The Israeli discourse tends to attribute to the Six-Day War a mystical power of change. A sort of turning point, after which nothing seemed the same anymore. From an external point of view that's true. The change following the 1967 war is conspicuous: Israel grew, added territories, expanded political disputes. From an internal point of view it's just an illusion. The war was simply another stage in the medical miracle called the State of Israel. The big change took place only six years later, in the Yom Kippur War.

 

Wars are measured by their results: Military achievements, number of casualties and diplomatic products. Time is the best measuring instrument. What sometimes appears as defeat turns into victory years later. And there are also victories which turn, with considerable persuasion efforts, into defeat. History remembers what strong writers want us to remember, not necessarily strong facts.

 

Militarily, despite the national memory and the exaggerated tendency for self-flagellation, Israel won the Yom Kippur War. From a surprise attack on two fronts, with lacking intelligence and many casualties, the IDF moved to a sophisticated offensive and concluded the war with Damascus and Cairo in jeopardy.
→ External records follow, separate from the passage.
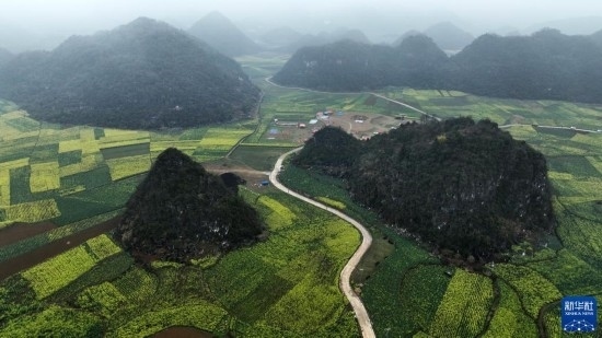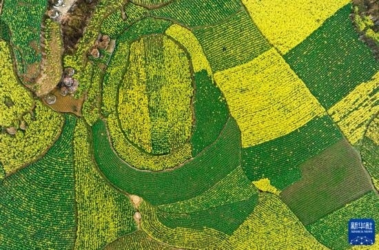 2月17日拍攝的貴州省六盤水市六枝特區(qū)木崗鎮(zhèn)萬(wàn)畝油菜基地(無(wú)人機(jī)照片)。
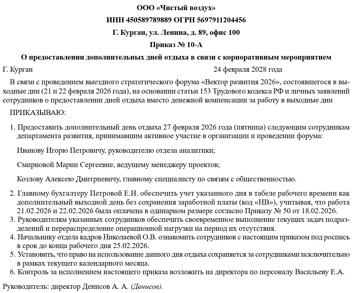 Это дисциплинирует коллектив и создает ощущение справедливости, так как правила предоставления отдыха становятся едиными и прозрачными для всех участников мероприятия. Более того, наличие таких приказов в истории компании является весомым аргументом при проведении аудита корпоративной культуры и оценки уровня социальной ответственности работодателя.
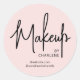 Blush Pink Black Script Makeup Business Product and Promotional Labels. Make a flawless impression when identifying your signature products and promotional marketing items with this blush pink makeup business sticker featuring a modern design, trendy black script typography and your contact information. The soft blush pink background paired with black script creates a fashionable, feminine aesthetic ideal for makeup artists, beauty influencers, estheticians, lash stylists and glam professionals. Fully customizable, this sticker lets you change the text and background colors to create a chic and memorable brand identity.
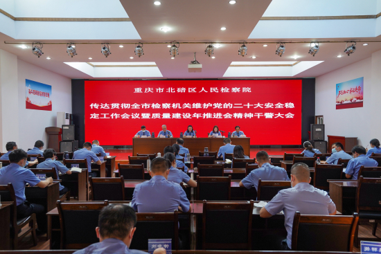 8月12日,北碚区检察院召开全院干警大会,传达学习贯彻全市检察机关维护党的二十大安全稳定工作会议暨“质量建设年”工作推进会精神。该院党组成员、副检察长郑富钰主持会议,院领导班子成员、检委会专职委员、全院干警参加会议。
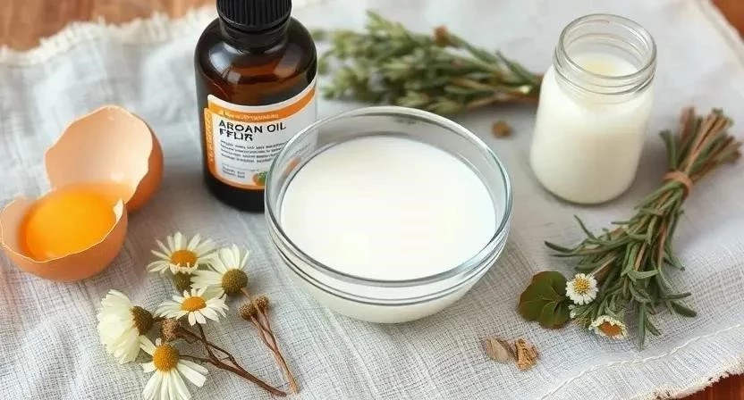 - Маска с яйцом: Взбейте 1 яйцо с 1 столовой ложкой оливкового масла. Нанесите на влажные волосы на 20 минут, затем смойте теплой водой. Яйцо содержит протеины, которые восстанавливают структуру волос.
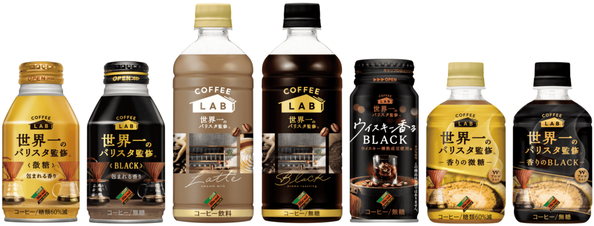 左から「ダイドーブレンド 微糖 コーヒーラボ 世界一のバリスタ監修」「ダイドーブレンド ブラック コーヒーラボ 世界一のバリスタ監修」「ダイドーブレンド ラテ コーヒーラボ 世界一のバリスタ監修」「ダイドーブレンド ブラック コーヒーラボ 世界一のバリスタ監修」「ダイドーブレンド ウイスキー香るブラック コーヒーラボ 世界一のバリスタ監修」「ダイドーブレンド 香りの微糖 コーヒーラボ 世界一のバリスタ監修」「ダイドーブレンド 香りのブラック コーヒーラボ 世界一のバリスタ監修」
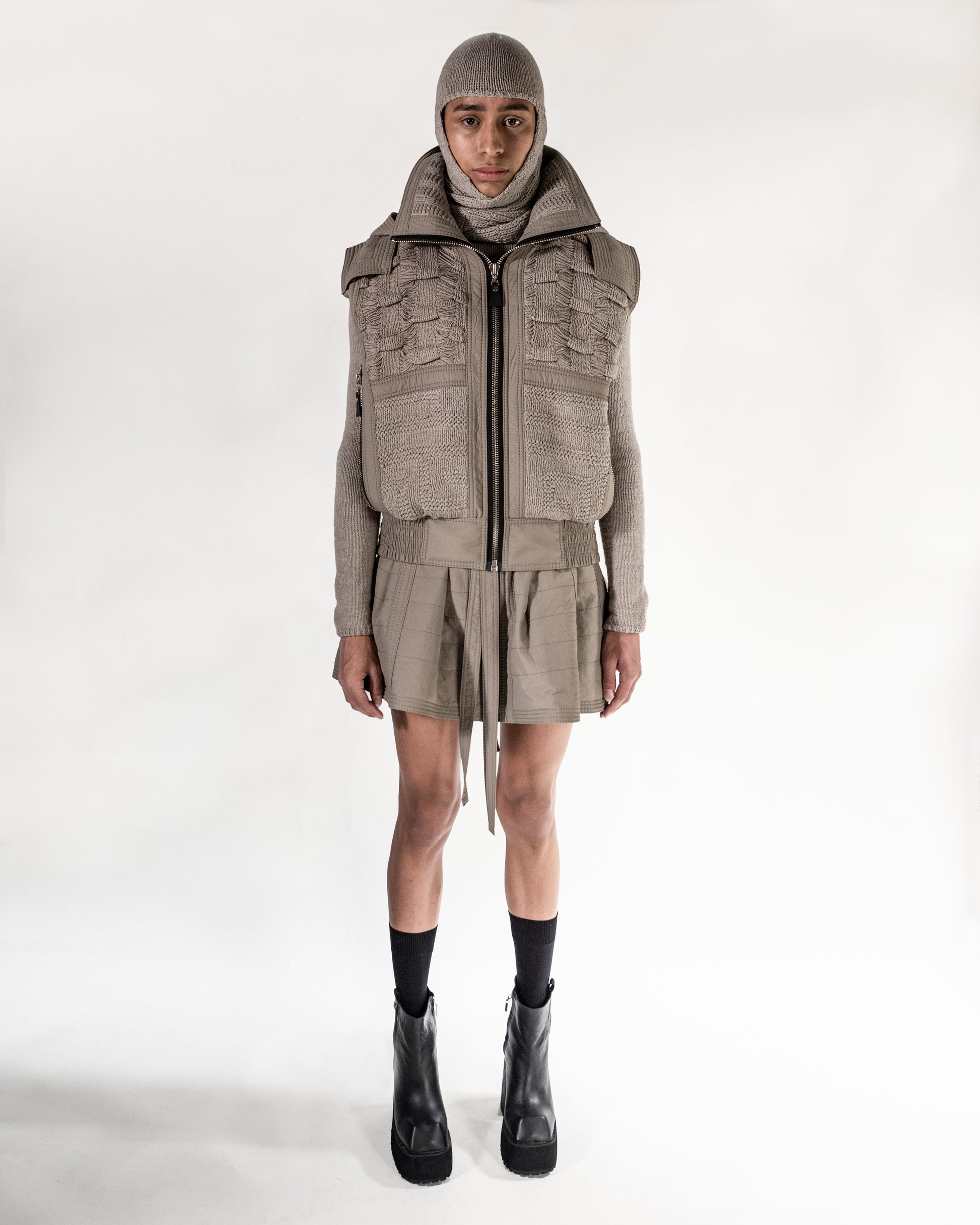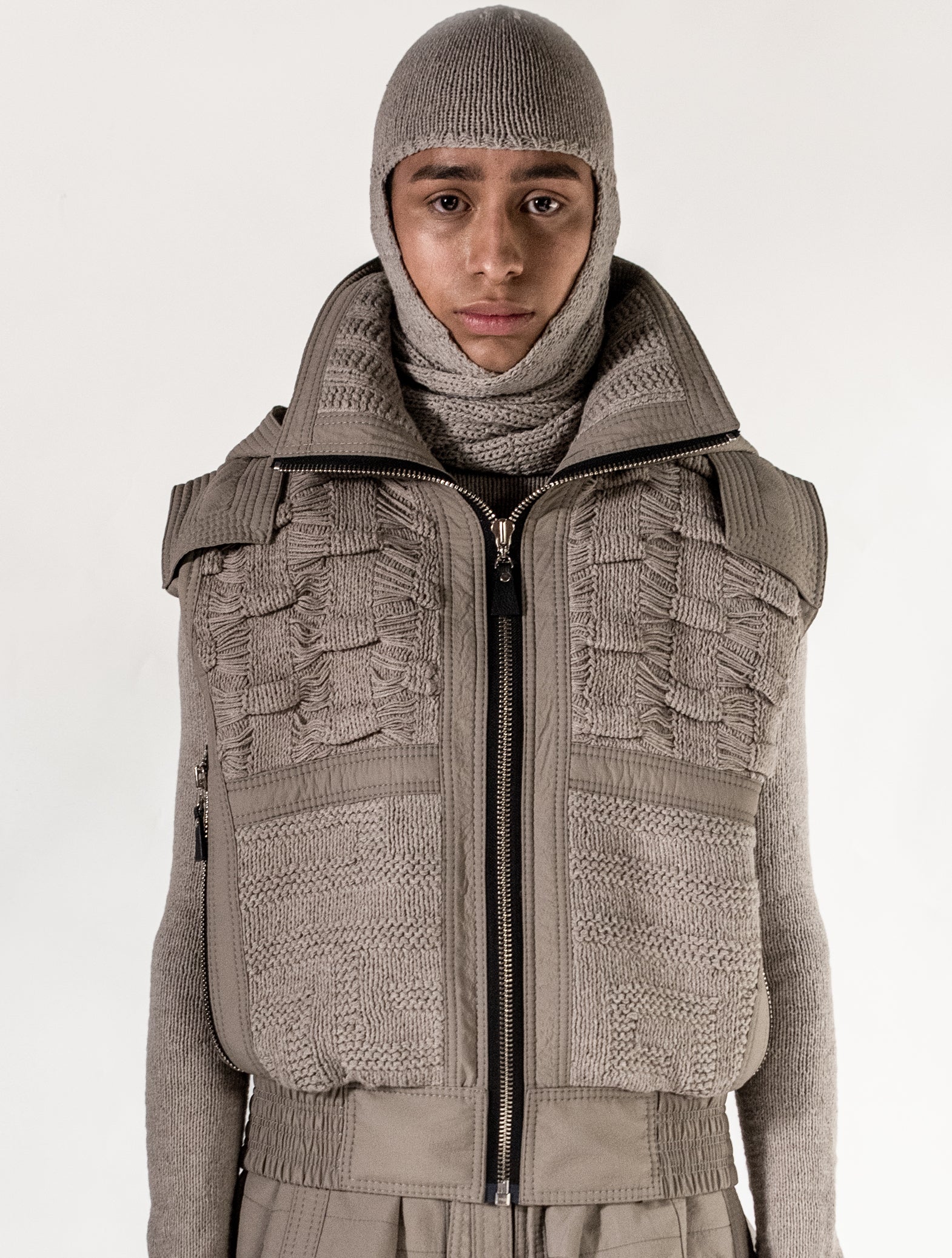 Chaleco tejido a mano en técnica de dos agujas con textura en alto relieve, inspirado en canastos usados en el campo.

History is too hard on the fighters and politicians of the time.

 

Psychologically, on the other hand, we lost a slow and creeping defeat for the past 40 years. It is not the occupation from 1967 that is destructive, but the fervent skepticism which grew within us in 1973. Post-Yom Kippur War Israel is a country with doubts, a country in which the question is holier than the answer.

 

The substantial change lies there, in the seeds planted at the time in the Israeli discourse.

 

The children of the winter of 1973 were born into a country where there is no faith in the leadership, because one must never follow politicians blindly. A country where one must not talk about victory and decision, because in the battlefield there are only losers and commissions of inquiry. A country where in order for one not to become – God forbid –overly patriotic, military parades disappeared from the street and cultural heroes evade military service. A country where soldiers have been turned by everyone into small children who must be protected, and for whom a heavy price must be paid when they are taken captive, while the life of the citizens for whom the army was established has turned into a tolerable price.

 

And mostly a country which has put an end to the concept of solidarity, and instead sanctifies the individual. No longer a melting pot, according to Ben-Gurion's vision, no longer a new Israeli, but words like multiculturalism and diversification, which have factionalism hiding behind them.

 

In the 40 years which have passed since the Yom Kippur War, the State of Israel's situation has increasingly improved. The Israeli economy grew stronger, Israel leads in the fields of science and technology, Jews immigrated from around the world, education is better and the standard of living is higher. As a state, Israel no longer faces a threat of destruction and annihilation, as it did in October 1973, despite the concerns about Iran. Young people in uniform, unfortunately, still die in this country, but the country itself is living, breathing and solid.

 

We have developed in all fields, we're just stuck with the psychology. We have overcome the war, but not the price of its self-examination.